With this setup, we can adapt the definition of ask-and-add by
translating it line by line. Instead of printing the name of the student,
we now send it to NAME using a set-label method. To
implement the equivalent of (read), we send the message
get-value to the slider:
;; ask-and-add : line -> line
;; the result has one more grade than the input
(define (ask-and-add a-line)
(let ((name (first a-line)))
(send NAME set-label (symbol->string name))
(wx:yield semaNEXT)
(cons name (cons (send GRADE get-value) (rest a-line)))))
The only unusual part is the next-to-last line: (wx:yield semaNEXT). It causes ask-and-add to wait for
some call-back function to post to the semaNEXT semaphore.
The semaphore coordinates between the user and the query program. Since the button labeled ``NEXT'' plays the role of the <enter> key, its call-back function must be the one that posts to the semaphore:
;;nextCB: a GUI button whose call-back posts tosemaNEXT(define (nextCB e i) (semaphore-post semaNEXT)) ;;semaNEXT: a semaphore that coordinates between ask and NEXT (define semaNEXT (make-semaphore 0))
Naturally the semaphore is initialized to 0, which says that the
user hasn't clicked on the button yet. Similarly, wx:yield's
resetting of the semaphore to 0 readies the semaphore for the next
interaction, which is initiated by map's interaction of
ask-and-add over the entire list of students records. The complete
program, minus the GUI parts, is summarized in figure 25.
When users edit files, they occasionally make mistakes. For example, a grader may discover that the grades entered so far are those of some old homework, not the latest one. In such cases, users (may) want to stop the program and cancel the session. Fortunately, our program organization renders this action trivial.

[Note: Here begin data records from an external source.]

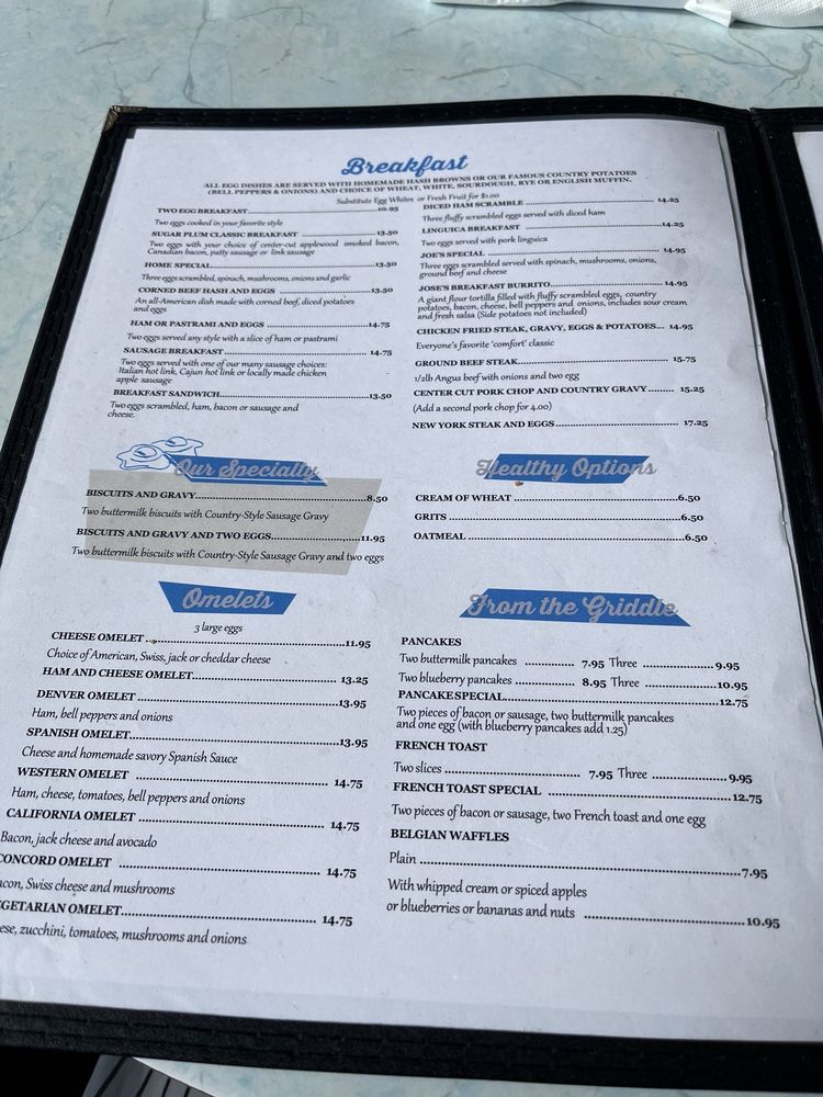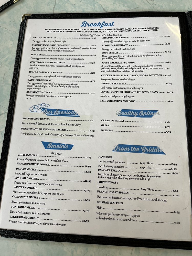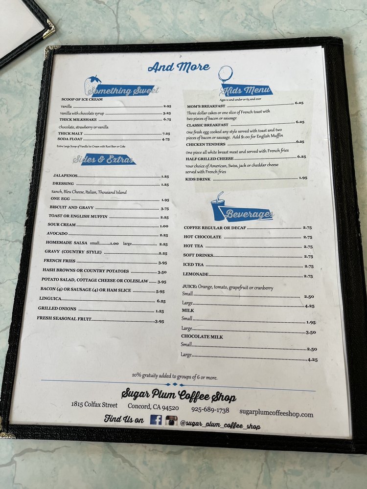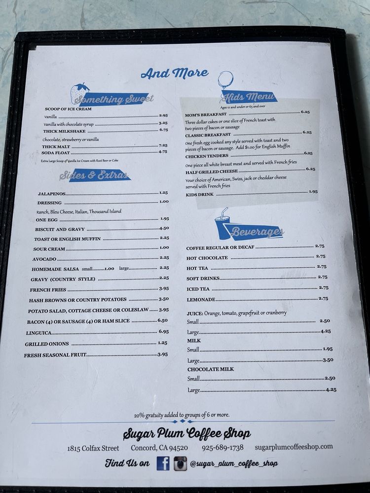 Sugar Plum Coffee Shop in Concord, CA offers a cozy and homely atmosphere with teal-colored walls, providing a welcoming vibe. The menu boasts dishes like blueberry pancakes made with fresh berries, eggs over-easy, and tender steak with fluffy eggs. The friendly staff ensures quick service, making the dining experience enjoyable. Customers praise the delicious food, such as the chicken fried steak with flavorful gravy and the BLAT sandwich. The restaurant is known for its biscuits and gravy, which stand out for their taste. While the place may appear a bit worn down, the efficient service and flavorful dishes make up for it. Overall, Sugar Plum Coffee Shop is a must-visit spot for a satisfying breakfast or brunch experience with a homey touch.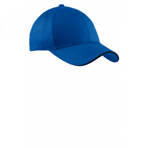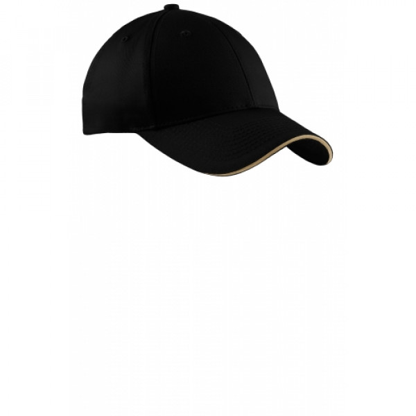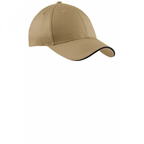 A tremendous value, this cap complements your logo with its contrast sandwich bill.::Fabric: 100% cotton twill::Structure: Structured::Profile: Mid::Closure: Hook and loop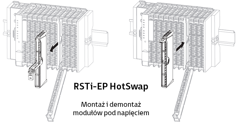 Serwis i wymiana modułów realizowana jest na ruchu dzięki obsłudze funkcji Hot-Swap (wyjmowanie modułów rozszerzeń pod napięciem, bez wpływu na pozostałe elementy). Umożliwia to konstrukcja RSTi-EP, w której każdy moduł osadzony jest na standardowej podstawce. Zadaniem podstawki jest dystrybucja zasilania w układzie oraz zapewnienie komunikacji pomiędzy kolejnymi modułami rozszerzeń a interfejsem komunikacyjnym, pomimo usunięcia modułu sygnałowego.

Both programs rely on map to iterate over the existing list of
records. For each record, ask-and-add creates a new record, which
map puts into a list. The final result of map is then
written to a file. If at any intermediate stage the user decides to abort
the update, a simple action suffices. In the case of the textual version, a
control-c suffices. Since no data is written until all new grades are
entered, all files will still be intact.
Exercise: Add a button labeled ``QUIT'' to the GUI
interface. When a user clicks on the button, the program should call
exit with -1, which will immediately abort the program
evaluation. ¤
In section 1, we saw how to turn a Scheme program into a stand-alone Unix script. For programs that use GUI elements, the process is similar but different. Instead of interpreting the program in the plain mzscheme interpreter, we need to use the mred run-time environment. Assuming the file with the Scheme program is called |gui.ss|, the script looks like this:
#!/bin/sh string=? ; exec mred -u -b -- -f $0 "$@" (load "the-gui.ss") (define DATEBASE "grades.dat") (gui-update)
Roughly speaking, we replace mzscheme by mred and use slightly
different labels. The more important difference, however, is that
processing command-line arguments is more complex in mred than in
mzscheme. Hence, we simply define DATABASE to be
"grades.dat" until we learn how to interpret the command-line.